これら6化合物のうち5つのバナジウム生物学的利用度は通常の食事から吸収される量より多く、従ってこれらの化合物を含む製品を使用することにより消費者は通常の食事を介するより多くのバナジウムに暴露される。
またクエン酸バナジウム、ビスマルトラトオキソバナジウム、ビスグリシナトオキソバナジウムの使用量や食品分類に関するデータはなく、AFCパネルは6つのバナジウム源の安全な使用あ設定できないと結論した。
これらバナジウム源は食品に使用される可能性のあるビタミンやミネラルのリストには含まれていない。


特定栄養目的食品及び一般用食品(食品サプリメントを含む)への栄養目的で添加されるクエン酸バナジウム、ビスマルトラトオキソバナジウム、ビスグリシナトオキソバナジウム、及び栄養目的でサプリメントに使用される硫酸バナジル、五酸化バナジウム、モノバナジウムアンモニウムに関するAFCパネルの意見
Vanadium citrate, bismaltolato oxo vanadium and bisglycinato oxo vanadium added for nutritional purposes to foods for particular nutritional uses and foods (including food supplements) intended for the general population and vanadyl sulphate, vanadium pentoxide and ammonium monovanadate added for nutritional purposes to food supplements[1] - Scientific Opinion of the Panel on Food Additives, Flavourings, Processing Aids and Materials in Contact with Food
26/02/2008
http://www.efsa.europa.eu/EFSA/efsa_locale-1178620753812_1178689480914.htm
AFCパネルは表題化合物について、バナジウム源としての安全性とバナジウムの生物学的利用能について評価した。バナジウムそのものの安全性評価はAFCパネルの権限外である。

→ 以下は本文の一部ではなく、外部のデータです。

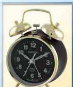
872-12 диаметр 88 мм
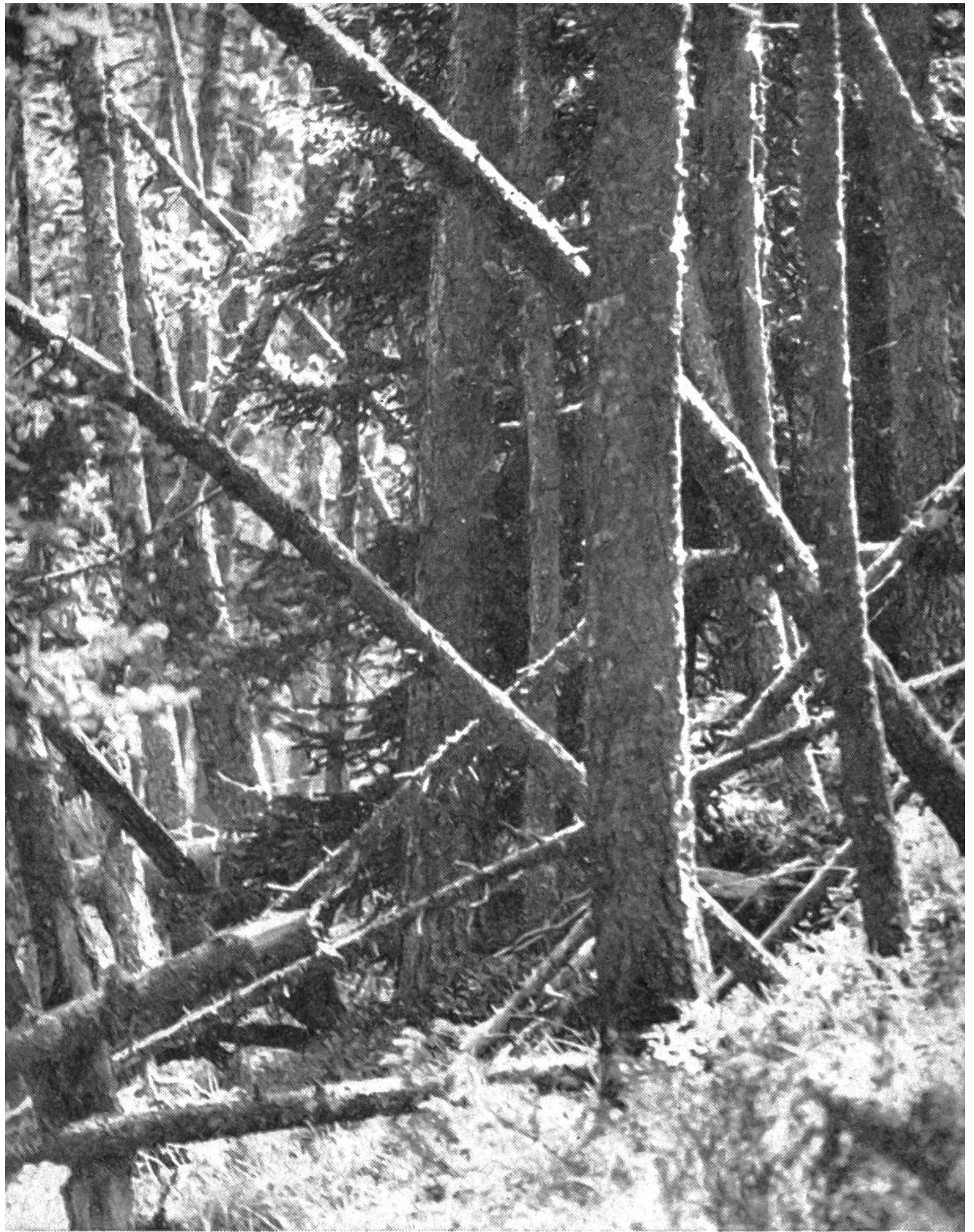
Urwald am hinteren Spöl. Abgestorbene Bäume stürzen und bleiben liegen. Der Mensch darf nicht in das natürliche Geschehen eingreifen.
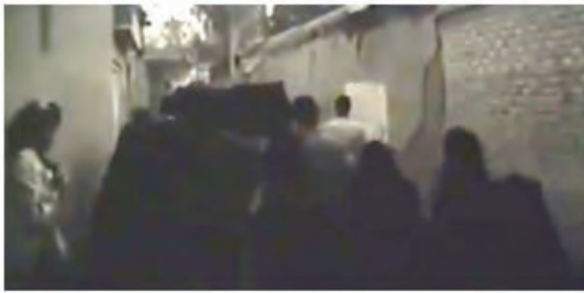
شکل ۱۰. مراسم تشییع
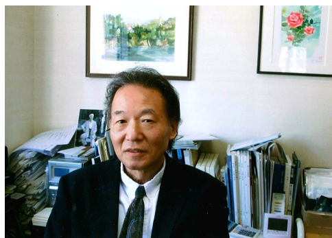
長岡市で主宰するギャラリー「創」にて

水彩の透明感と爽やかさ、油彩の落ち着きと重量感、どちらも私にとっては魅力的で、結局、両方を楽しんでいます。描くときのプロセスの違いから、頭の切り替えが必要となりますが、むしろそのときが脳のリフレッシュタイムのような気がします。 その作品の狙い、モチーフの見せ方、全体の色調、もろもろ熟慮のうえ制作に入りますが、途中からそのもろもろが脆くも崩れ去る、そんなことは茶飯事です。そんなことも絵を描く楽しさの一要素なのかも知れません。 さて、私は「創」というギャラリーを主宰しておりますが、多彩な作家の作品を企画展示し、多くの美術愛好家の皆さんに鑑賞していただく橋渡し役も、私の「楽しむ」につながっているように思います。 次の楽しみのために、今度の一筆はどんな色を取り、どこに置くのか、私自身、大変興味深く、楽しみではあります。
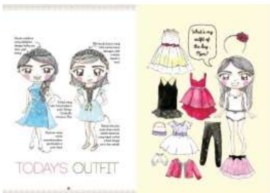
Gambar 28. Halaman 38-39
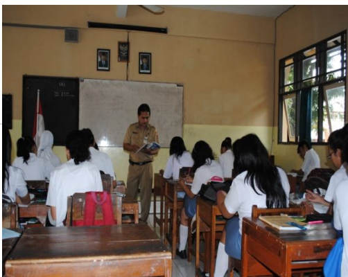
Contoh Kegiatan Kelas Tahap BKOF
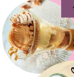
Caramel beurre salé
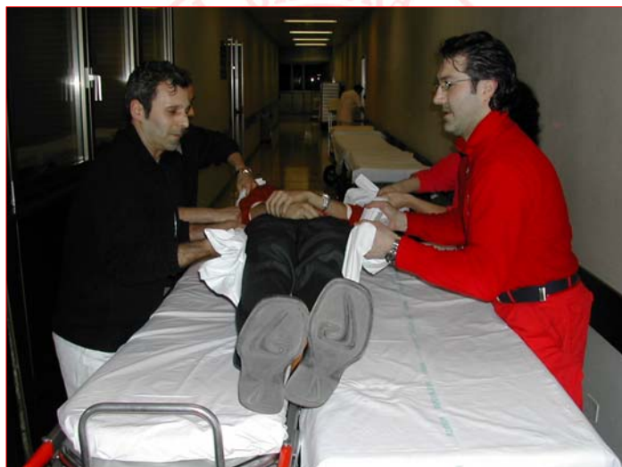
Corso formativo PSTI per i Volontari della Croce Rossa Italiana
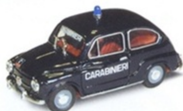
PK 231 - Fiat 750 D Carabiniere - 1967
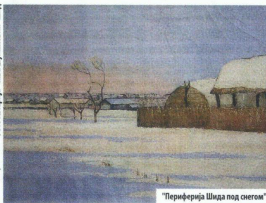
"Периферија Шиди под снегом"
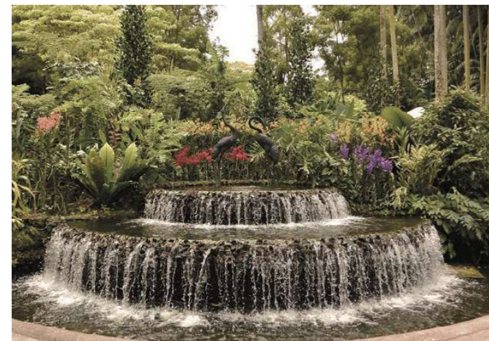
シンガポール植物園(イメージ)
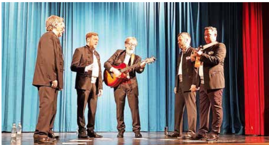
Člani klape Zvonimir z Baške na Krku

Turistično društvo Dovje - Mojstrana je tudi letos pripravilo dalmatinski večer. V goste so povabili prijatelje, člane klape Zvonimir iz Baške na Krku, ki so poskrbeli za to, da so misli zbranih v Aljaževem prosvetnem domu na Dovjem odtavale v toplejše kraje, proti morju in soncu. »Zdaj že tradicionalni glasbeni dogodek bogati kulturno delovanje našega kraja in društva. Turistično društvo si namreč prizadeva, da bi s svojim vsestranskim delovanjem in tradicionalnimi prireditvami negovalo in bogatilo našo kulturno dediščino, nas zblíževalo ter povezovalo v akcijah za razvoj kraja. Tako kot mi si tudi Baščani prizadevajo za ohranjanje tradicije in običajev. Dalmatinske, primorske in otoške klape skrbno ohranjajo starožitne melodije, v njih uživajo in jih podarjajo vsem tistim, ki jim je petje všeč,« so sporočili iz društva in dodali, da se zahvaljujejo družinam Kotnik in Višnar za nočitev in pogostitev. K. S.

五酸化バナジウムからのバナジウムの吸収は低く、通常の食事からのバナジウムの吸収と同程度である。経口投与による硫酸バナジルとモノバナジウムアンモニウムのラットにおける小腸からの吸収及び硫酸バナジルのヒトでの吸収データからはこれらのバナジウム源からのバナジウムの利用度はより高いことが示されている。ビスグリシナトオキソバナジウムについても未発表ヒトデータから同様で、これらバナジウム源からのバナジウムの生物学的利用能は通常のヒトの食事からのバナジウム吸収より高いと推定される。

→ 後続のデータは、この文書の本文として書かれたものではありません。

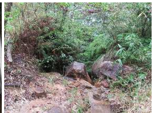
第4水門跡を通過する。
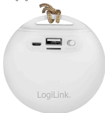
Bluetooth Lautsprecher, mit Trageschleufe - Rückansicht
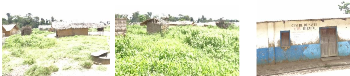
Photo 10 : Base-vie de travailleurs de l'ITB (photos de gauche et du milieu) et centre de santé (photo de droite)
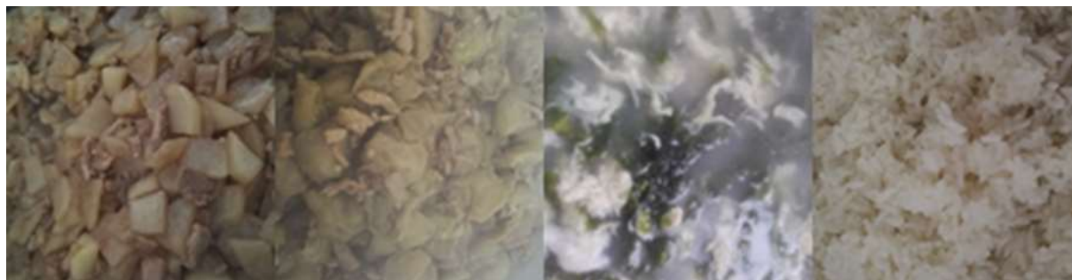
图III-1 开餐当天菜品情况组图
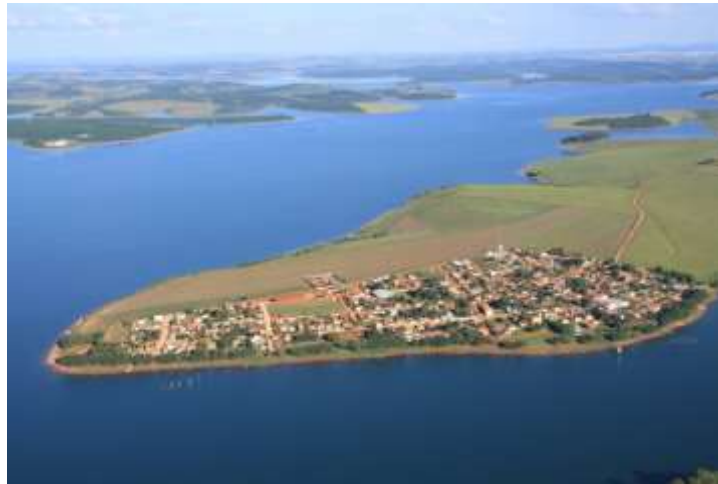
Figura 02- Foto aérea do espaço urbano do Distrito de Barranco Alto

A segunda alternativa seria percorrer a estrada pavimentada saindo de Alfenas, posteriormente passando pelos municípios de Areado (49km de distância do Barranco Alto) e Alterosa (36 km de distância do Barranco Alto), até chegar no distrito de Cavaco, pertencente a Alterosa (24km de distância do Barranco Alto, seguindo por uma estrada não-pavimentada até o distrito de Barranco Alto). (FIGUEIREDO, CRUZ E ALVES, 2016).
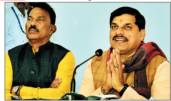
चिकित्सकीय परामर्श के एंटीबायोटिक दवाइयों का सेवन न करने की अपील करते हुए इसे

इस दौरान बड़ी संख्या में जनप्रतिनिधि और प्रशासनिक अधिकारी मौजूद रहे. कार्यक्रम में प्रधानमंत्री ने देशवासियों से बिना

硫酸やクエン酸アンモニウムなどはSCFやJECFAで検討されていて安全上の懸念はない。バナジン酸複合体中の配位子としてのマルトールやグリシンにも安全上の懸念はない。
しかしながらAFCパネルはバナジウムに関するNDAパネルの意見でNOAELが設定できないと結論し耐用摂取量は設定できないとしたことから、この結論はバナジウムそのものだけではなく今回検討しているバナジウム源化合物にも適用されると考え、安全に使用できる量は設定できないと結論した。